= WHAT NEEDS TO BE DONE =
Your answer should be an exact copy of all the entries, free of pictures.

=== GIVEN DATA ===

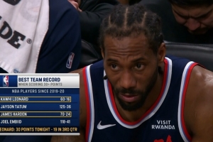 球员单场得分30+球队战绩:伦纳德带队60胜16负 哈登带队70胜24负
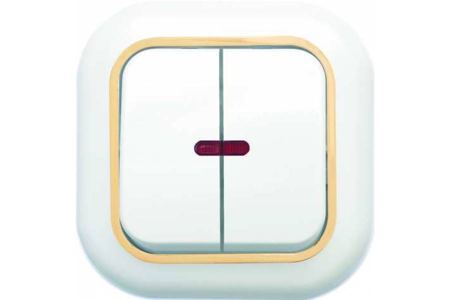 Выключатель 2-кл. СП Валентина 10А IP20 С56-175 с индикацией бел./зол. Кунцево 7650
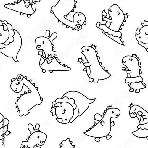 Funny cute girls dinosaurs. Seamless pattern. Coloring Page. Kawaii baby dino princess character. Hand drawn style. Vector drawing. Design ornaments.
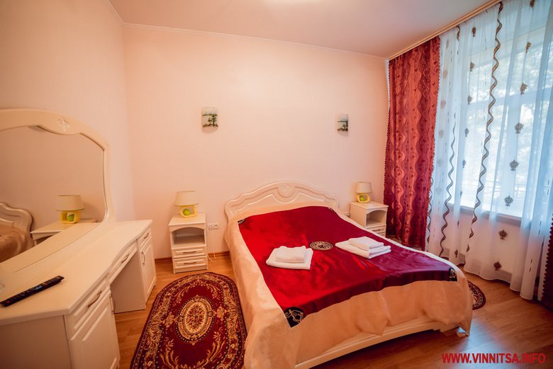 Номер «апартаменти VIP» складається з двох просторих кімнат: спальна і кімната-студія. Приміщення має обладнану повноцінну кухню і їдальню, а також шафу-купе, м'який куточок з журнальним столиком, плазмовий телевізор в кожній кімнаті, широке двоспальне ліжко з ортопедичним матрацом, приліжкові тумби, комод, фен, Wi-Fi. Простору ванну кімнату.
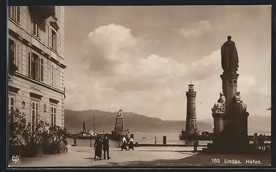AK Lindau / Bodensee, Partie am Hafen, Spaziergänger
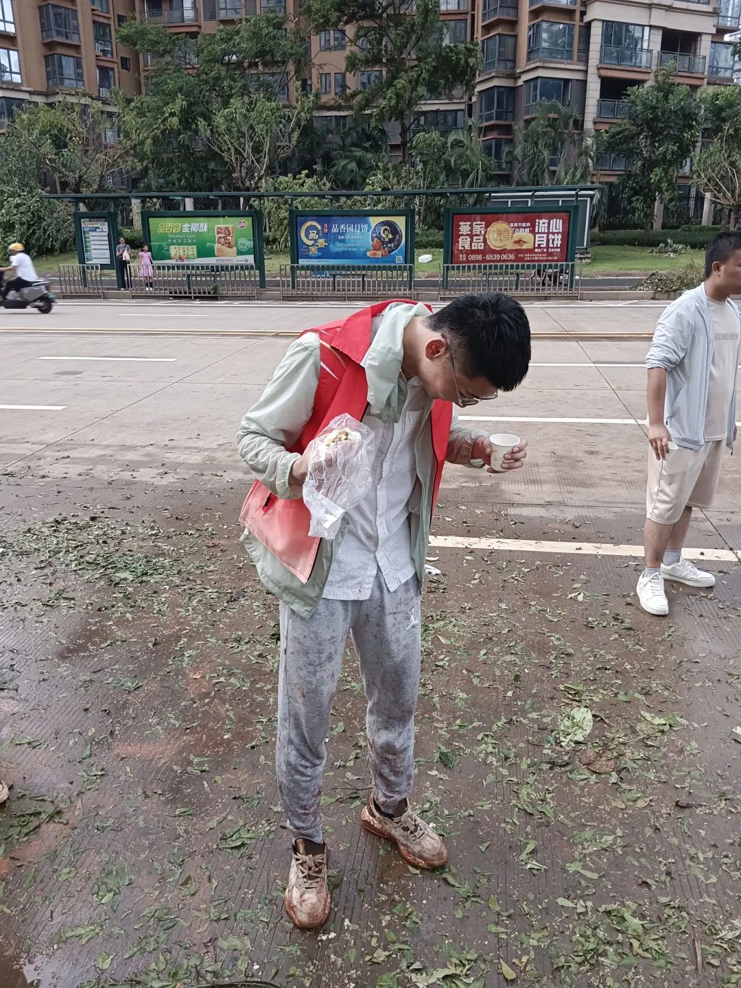 除了對項目進行清理,團隊還主動聯系當地政府,9月8日,組織成13人的路障清理小組在長濱路二街進行樹枝清理,進行了6處路障清理,長達約3公里,極大地緩解了重點路段的交通壓力。9月10日,在黨員責任區主任的組織下,他們又組成38人小隊進行了搶險保通工作,最大程度為地方貢獻出自己的力量。工作時,不少路人和沿街店鋪的店主都給團隊送來了豆漿、茶水、包子等“愛心飯”。“你們辛苦了,休息一下吧。”這一刻,心與心之間的距離因這場臺風被無限拉近。忙碌的身影后,是責任和擔當。董進成與同事們雖滿身疲憊卻眼神堅定,不停忙碌地疏通道路,清理臺風留下的痕跡。人們的生產生活雖然暫時陷入了困境,但他們內心深處的堅韌與樂觀精神,卻未曾被熄滅。當問到這幾天最難忘的事情時,董進成開玩笑說,“最難忘的事就是廢了一雙鞋,一條褲子和一件半袖。”

===

= RESULT OF THIS TASK =
 球员单场得分30+球队战绩:伦纳德带队60胜16负 哈登带队70胜24负
 Выключатель 2-кл. СП Валентина 10А IP20 С56-175 с индикацией бел./зол. Кунцево 7650
 Funny cute girls dinosaurs. Seamless pattern. Coloring Page. Kawaii baby dino princess character. Hand drawn style. Vector drawing. Design ornaments.
 Номер «апартаменти VIP» складається з двох просторих кімнат: спальна і кімната-студія. Приміщення має обладнану повноцінну кухню і їдальню, а також шафу-купе, м'який куточок з журнальним столиком, плазмовий телевізор в кожній кімнаті, широке двоспальне ліжко з ортопедичним матрацом, приліжкові тумби, комод, фен, Wi-Fi. Простору ванну кімнату.
AK Lindau / Bodensee, Partie am Hafen, Spaziergänger
 除了對項目進行清理,團隊還主動聯系當地政府,9月8日,組織成13人的路障清理小組在長濱路二街進行樹枝清理,進行了6處路障清理,長達約3公里,極大地緩解了重點路段的交通壓力。9月10日,在黨員責任區主任的組織下,他們又組成38人小隊進行了搶險保通工作,最大程度為地方貢獻出自己的力量。工作時,不少路人和沿街店鋪的店主都給團隊送來了豆漿、茶水、包子等“愛心飯”。“你們辛苦了,休息一下吧。”這一刻,心與心之間的距離因這場臺風被無限拉近。忙碌的身影后,是責任和擔當。董進成與同事們雖滿身疲憊卻眼神堅定,不停忙碌地疏通道路,清理臺風留下的痕跡。人們的生產生活雖然暫時陷入了困境,但他們內心深處的堅韌與樂觀精神,卻未曾被熄滅。當問到這幾天最難忘的事情時,董進成開玩笑說,“最難忘的事就是廢了一雙鞋,一條褲子和一件半袖。”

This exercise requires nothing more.